Data items:

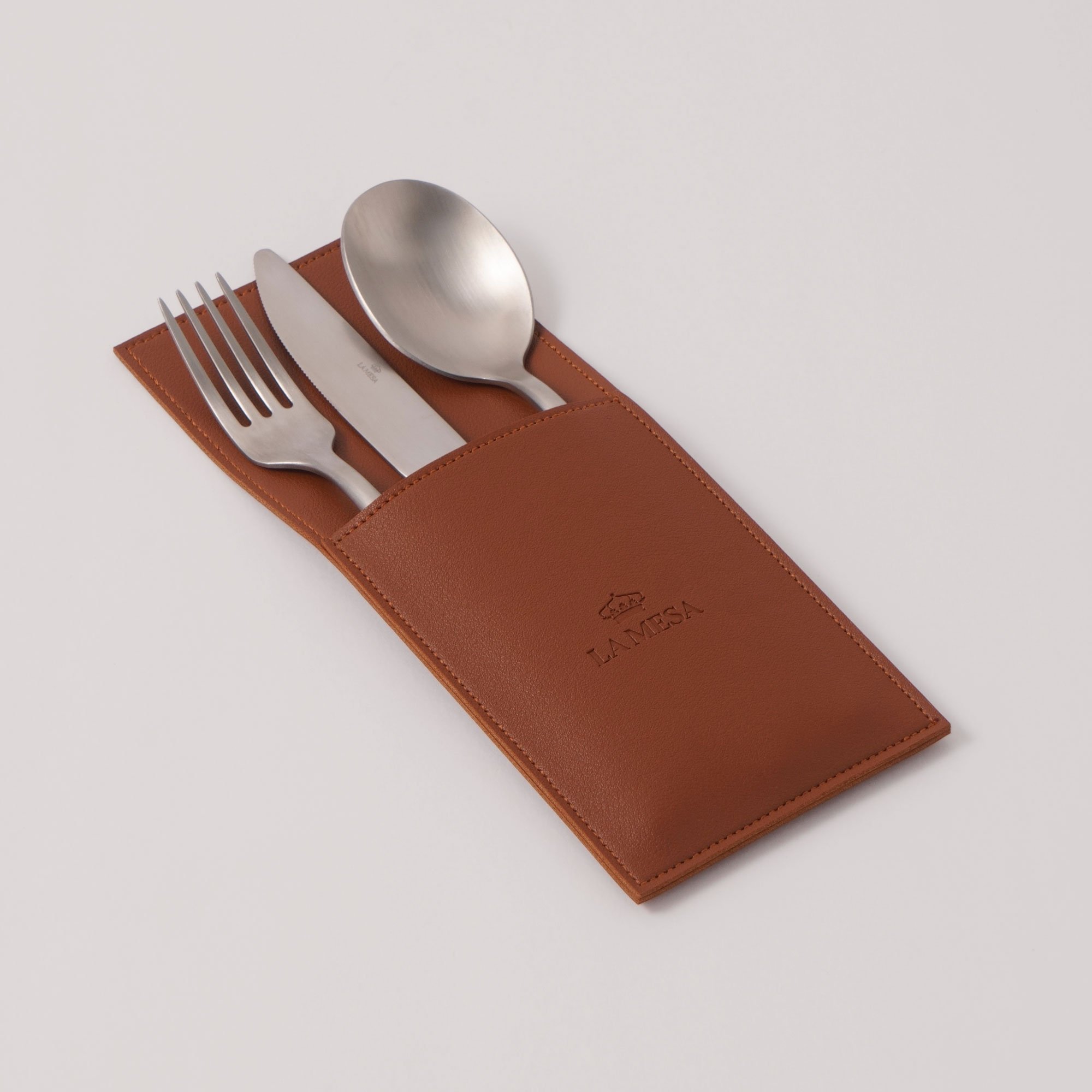 لا ميسا 4 قطع حافظة أدوات طعام جلد صناعي، بني 4.5*4.5سم
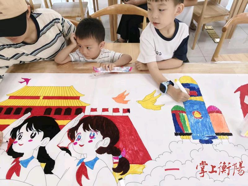 此后几日,精彩活动接连不断。2日,孩子们通过视频讲解和手工制作,了解中国传统建筑文化,认识屋顶神兽鸱吻的起源、演变、功能及寓意,激发对中国传统文化的兴趣与热爱;3日“桂花邀明月,童行共团圆”活动中,孩子们与父母听绘本学中秋习俗、做月亮灯,满室温馨;4日,巨幅长卷铺开,亲子家庭携手挥毫,红色的五星、金黄的圆月跃然纸上,孩子们用画笔诉说对祖国的祝福;5日的“月亮的影子”亲子故事汇上,家长与孩子共读绘本,“嫦娥奔月”的传说在轻声讲述中传递着传统文化魅力……8日举办的“解锁双语阅读魔法”活动,通过趣味双语阅读,帮助家长与孩子了解语言发展规律,共享亲子共读乐趣。
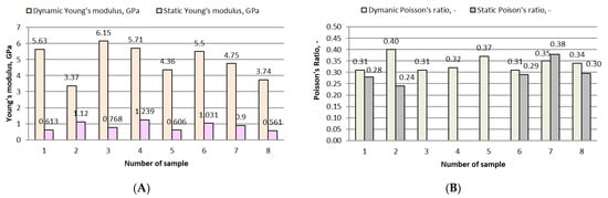 A comparison of static and dynamic Young’s moduli and Poisson’s ratios determined for hard coal on the basis of a number of regular laboratory specimens is shown in Figure 11. Due to technical complications, the Poisson’s ratios of three samples (marked in Table 3 and Figure 11A) could not be designated.
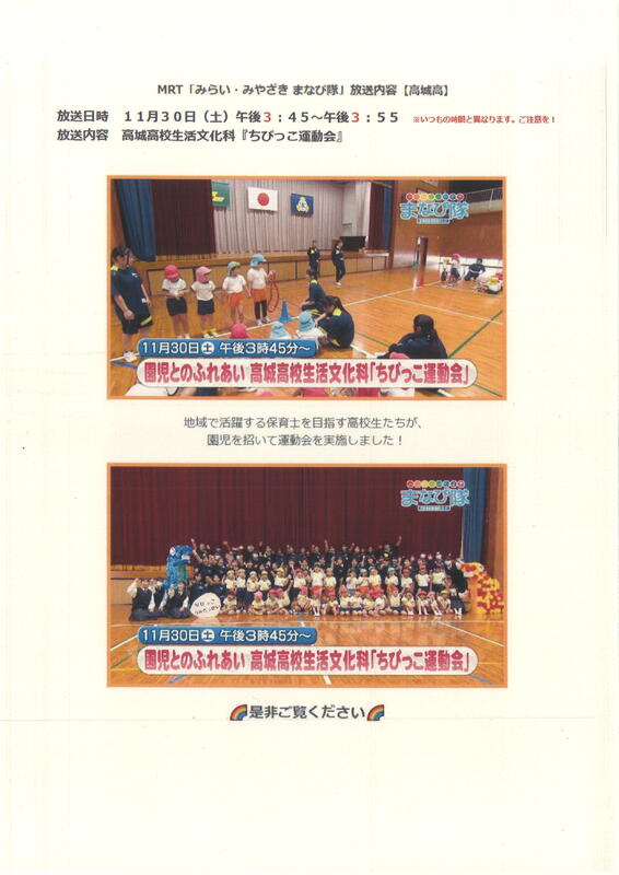 高城高校生活文化科「ちびっこ運動会」の様子が放送されます。ぜひご覧ください。
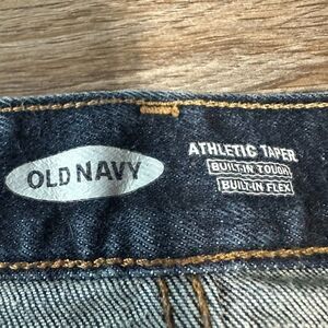 Old Navy mens athletic taper jeans in size 38x30, featuring a comfortable fit through the thigh with a modern tapered leg. Made with Built-In Flex stretch denim for enhanced mobility and all-day comfort. Dark wash finish for a clean, versatile look.
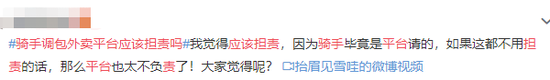 对此,有网友表示,外卖平台应该担责,因为骑手毕竟是平台请的。
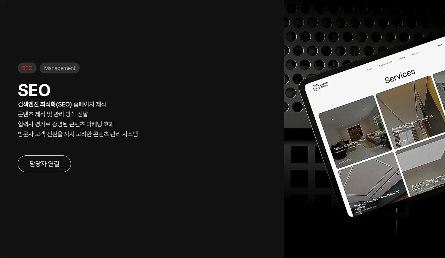 - 채널 구축 – 호스팅, 설치, 웹구조 결정, 세부 디자인, SEO 및 GEO 구조 세팅 순으로 진행

Exercise aim: Leave out the pictures and repeat exactly the lines from the one containing "Old Navy mens" through the last line of the entries.

Response to this task:
 Old Navy mens athletic taper jeans in size 38x30, featuring a comfortable fit through the thigh with a modern tapered leg. Made with Built-In Flex stretch denim for enhanced mobility and all-day comfort. Dark wash finish for a clean, versatile look.
 对此,有网友表示,外卖平台应该担责,因为骑手毕竟是平台请的。
 - 채널 구축 – 호스팅, 설치, 웹구조 결정, 세부 디자인, SEO 및 GEO 구조 세팅 순으로 진행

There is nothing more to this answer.